- Action item:
Provide again, from the entries below, every line from the one containing "Całe mieszkanie ogrzewane" through the one containing "Hold the edges", exactly as written, and no other line.
___ Study material
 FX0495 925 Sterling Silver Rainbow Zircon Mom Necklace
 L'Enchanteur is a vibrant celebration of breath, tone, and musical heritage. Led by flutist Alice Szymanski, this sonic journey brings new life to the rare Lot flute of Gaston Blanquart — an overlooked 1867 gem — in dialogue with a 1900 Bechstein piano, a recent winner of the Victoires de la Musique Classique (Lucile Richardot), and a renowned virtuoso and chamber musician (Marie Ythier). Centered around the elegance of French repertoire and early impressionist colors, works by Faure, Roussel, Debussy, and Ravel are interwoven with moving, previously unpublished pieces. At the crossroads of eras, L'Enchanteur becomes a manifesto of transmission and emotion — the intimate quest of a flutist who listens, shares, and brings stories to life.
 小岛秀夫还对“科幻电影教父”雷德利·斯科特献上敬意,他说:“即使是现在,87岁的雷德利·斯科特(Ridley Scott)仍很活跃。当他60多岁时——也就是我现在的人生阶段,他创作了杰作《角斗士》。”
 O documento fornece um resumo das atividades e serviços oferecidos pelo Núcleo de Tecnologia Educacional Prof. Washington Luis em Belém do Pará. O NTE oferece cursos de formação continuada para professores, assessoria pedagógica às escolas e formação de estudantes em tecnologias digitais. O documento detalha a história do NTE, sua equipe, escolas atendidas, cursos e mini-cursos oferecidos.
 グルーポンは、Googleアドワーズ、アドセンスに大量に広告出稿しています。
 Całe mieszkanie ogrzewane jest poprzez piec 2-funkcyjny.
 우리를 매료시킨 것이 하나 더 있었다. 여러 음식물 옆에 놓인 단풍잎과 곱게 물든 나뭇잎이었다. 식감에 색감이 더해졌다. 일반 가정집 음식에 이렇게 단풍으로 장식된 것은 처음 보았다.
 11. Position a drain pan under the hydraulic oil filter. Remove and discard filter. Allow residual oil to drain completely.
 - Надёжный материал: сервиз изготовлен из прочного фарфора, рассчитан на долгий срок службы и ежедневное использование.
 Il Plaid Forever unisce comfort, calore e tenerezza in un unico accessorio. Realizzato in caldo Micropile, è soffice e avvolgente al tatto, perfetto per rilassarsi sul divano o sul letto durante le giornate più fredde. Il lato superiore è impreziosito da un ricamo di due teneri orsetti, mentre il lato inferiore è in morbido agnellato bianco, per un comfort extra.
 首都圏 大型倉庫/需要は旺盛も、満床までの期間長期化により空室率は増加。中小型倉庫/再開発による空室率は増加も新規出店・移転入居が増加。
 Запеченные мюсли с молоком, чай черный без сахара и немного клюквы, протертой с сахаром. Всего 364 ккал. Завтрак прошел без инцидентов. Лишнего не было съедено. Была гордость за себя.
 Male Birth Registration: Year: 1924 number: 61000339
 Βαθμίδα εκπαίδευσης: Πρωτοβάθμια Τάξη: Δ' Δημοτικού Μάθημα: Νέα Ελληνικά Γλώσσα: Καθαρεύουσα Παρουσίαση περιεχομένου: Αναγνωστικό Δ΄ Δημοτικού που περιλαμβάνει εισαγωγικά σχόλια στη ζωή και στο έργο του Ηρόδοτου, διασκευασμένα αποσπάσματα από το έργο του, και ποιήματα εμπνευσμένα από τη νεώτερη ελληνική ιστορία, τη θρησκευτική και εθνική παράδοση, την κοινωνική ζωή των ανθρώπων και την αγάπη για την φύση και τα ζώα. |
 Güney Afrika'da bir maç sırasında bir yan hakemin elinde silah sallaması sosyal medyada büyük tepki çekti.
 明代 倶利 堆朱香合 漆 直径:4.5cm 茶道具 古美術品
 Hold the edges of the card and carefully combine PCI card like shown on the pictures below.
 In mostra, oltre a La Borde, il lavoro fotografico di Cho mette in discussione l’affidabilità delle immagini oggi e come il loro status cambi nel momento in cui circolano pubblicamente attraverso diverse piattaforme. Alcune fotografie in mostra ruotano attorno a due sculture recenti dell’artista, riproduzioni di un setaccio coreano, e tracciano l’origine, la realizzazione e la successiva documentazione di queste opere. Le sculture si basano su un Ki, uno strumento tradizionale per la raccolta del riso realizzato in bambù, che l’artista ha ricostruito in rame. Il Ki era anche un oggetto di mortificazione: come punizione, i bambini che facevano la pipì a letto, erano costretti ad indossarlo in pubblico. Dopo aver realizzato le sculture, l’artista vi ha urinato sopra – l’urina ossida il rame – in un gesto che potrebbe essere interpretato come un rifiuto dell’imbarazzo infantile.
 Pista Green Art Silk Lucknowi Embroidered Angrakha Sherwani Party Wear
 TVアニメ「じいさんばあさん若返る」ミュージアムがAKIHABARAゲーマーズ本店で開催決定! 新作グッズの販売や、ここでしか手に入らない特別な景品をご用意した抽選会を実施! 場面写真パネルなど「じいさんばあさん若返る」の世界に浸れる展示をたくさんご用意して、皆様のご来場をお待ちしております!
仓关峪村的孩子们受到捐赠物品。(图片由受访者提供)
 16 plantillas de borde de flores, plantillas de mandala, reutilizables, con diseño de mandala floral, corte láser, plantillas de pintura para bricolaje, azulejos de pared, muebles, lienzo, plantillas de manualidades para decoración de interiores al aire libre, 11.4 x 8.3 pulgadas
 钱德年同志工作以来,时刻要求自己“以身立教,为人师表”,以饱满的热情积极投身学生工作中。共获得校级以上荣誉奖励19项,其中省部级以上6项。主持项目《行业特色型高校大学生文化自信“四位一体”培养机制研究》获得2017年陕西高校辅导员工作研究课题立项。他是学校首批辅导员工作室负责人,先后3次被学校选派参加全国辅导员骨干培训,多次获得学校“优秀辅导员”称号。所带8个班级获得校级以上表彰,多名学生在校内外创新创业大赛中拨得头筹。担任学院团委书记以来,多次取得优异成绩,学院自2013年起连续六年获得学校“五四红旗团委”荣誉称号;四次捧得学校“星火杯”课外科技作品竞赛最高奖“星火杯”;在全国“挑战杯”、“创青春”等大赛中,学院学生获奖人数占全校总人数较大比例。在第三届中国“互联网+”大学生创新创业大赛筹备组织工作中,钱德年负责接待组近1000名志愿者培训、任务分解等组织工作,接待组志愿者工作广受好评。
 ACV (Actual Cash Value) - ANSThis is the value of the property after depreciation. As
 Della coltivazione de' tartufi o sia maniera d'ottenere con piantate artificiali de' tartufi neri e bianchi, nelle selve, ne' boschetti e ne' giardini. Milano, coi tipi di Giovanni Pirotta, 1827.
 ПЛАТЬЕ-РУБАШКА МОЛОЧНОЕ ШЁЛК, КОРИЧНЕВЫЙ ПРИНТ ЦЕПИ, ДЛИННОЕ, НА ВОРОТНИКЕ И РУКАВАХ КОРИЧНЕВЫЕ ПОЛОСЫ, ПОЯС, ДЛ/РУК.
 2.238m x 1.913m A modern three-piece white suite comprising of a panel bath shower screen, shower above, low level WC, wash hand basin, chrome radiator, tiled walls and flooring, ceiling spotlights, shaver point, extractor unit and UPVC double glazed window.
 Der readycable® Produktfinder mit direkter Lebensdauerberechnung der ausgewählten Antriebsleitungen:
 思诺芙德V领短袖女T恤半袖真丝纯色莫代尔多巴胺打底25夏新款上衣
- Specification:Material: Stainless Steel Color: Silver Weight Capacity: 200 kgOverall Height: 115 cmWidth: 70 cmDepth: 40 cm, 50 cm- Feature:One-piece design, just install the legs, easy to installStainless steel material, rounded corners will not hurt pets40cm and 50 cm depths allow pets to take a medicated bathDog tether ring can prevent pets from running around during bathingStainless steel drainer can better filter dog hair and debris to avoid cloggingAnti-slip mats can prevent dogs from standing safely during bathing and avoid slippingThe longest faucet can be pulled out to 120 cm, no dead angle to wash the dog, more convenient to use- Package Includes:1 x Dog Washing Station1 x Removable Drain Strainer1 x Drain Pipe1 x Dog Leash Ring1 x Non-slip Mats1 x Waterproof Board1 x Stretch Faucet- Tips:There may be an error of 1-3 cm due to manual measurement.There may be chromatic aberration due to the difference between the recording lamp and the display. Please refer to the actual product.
______
- Task output:
 Całe mieszkanie ogrzewane jest poprzez piec 2-funkcyjny.
 우리를 매료시킨 것이 하나 더 있었다. 여러 음식물 옆에 놓인 단풍잎과 곱게 물든 나뭇잎이었다. 식감에 색감이 더해졌다. 일반 가정집 음식에 이렇게 단풍으로 장식된 것은 처음 보았다.
 11. Position a drain pan under the hydraulic oil filter. Remove and discard filter. Allow residual oil to drain completely.
 - Надёжный материал: сервиз изготовлен из прочного фарфора, рассчитан на долгий срок службы и ежедневное использование.
 Il Plaid Forever unisce comfort, calore e tenerezza in un unico accessorio. Realizzato in caldo Micropile, è soffice e avvolgente al tatto, perfetto per rilassarsi sul divano o sul letto durante le giornate più fredde. Il lato superiore è impreziosito da un ricamo di due teneri orsetti, mentre il lato inferiore è in morbido agnellato bianco, per un comfort extra.
 首都圏 大型倉庫/需要は旺盛も、満床までの期間長期化により空室率は増加。中小型倉庫/再開発による空室率は増加も新規出店・移転入居が増加。
 Запеченные мюсли с молоком, чай черный без сахара и немного клюквы, протертой с сахаром. Всего 364 ккал. Завтрак прошел без инцидентов. Лишнего не было съедено. Была гордость за себя.
 Male Birth Registration: Year: 1924 number: 61000339
 Βαθμίδα εκπαίδευσης: Πρωτοβάθμια Τάξη: Δ' Δημοτικού Μάθημα: Νέα Ελληνικά Γλώσσα: Καθαρεύουσα Παρουσίαση περιεχομένου: Αναγνωστικό Δ΄ Δημοτικού που περιλαμβάνει εισαγωγικά σχόλια στη ζωή και στο έργο του Ηρόδοτου, διασκευασμένα αποσπάσματα από το έργο του, και ποιήματα εμπνευσμένα από τη νεώτερη ελληνική ιστορία, τη θρησκευτική και εθνική παράδοση, την κοινωνική ζωή των ανθρώπων και την αγάπη για την φύση και τα ζώα. |
 Güney Afrika'da bir maç sırasında bir yan hakemin elinde silah sallaması sosyal medyada büyük tepki çekti.
 明代 倶利 堆朱香合 漆 直径:4.5cm 茶道具 古美術品
 Hold the edges of the card and carefully combine PCI card like shown on the pictures below.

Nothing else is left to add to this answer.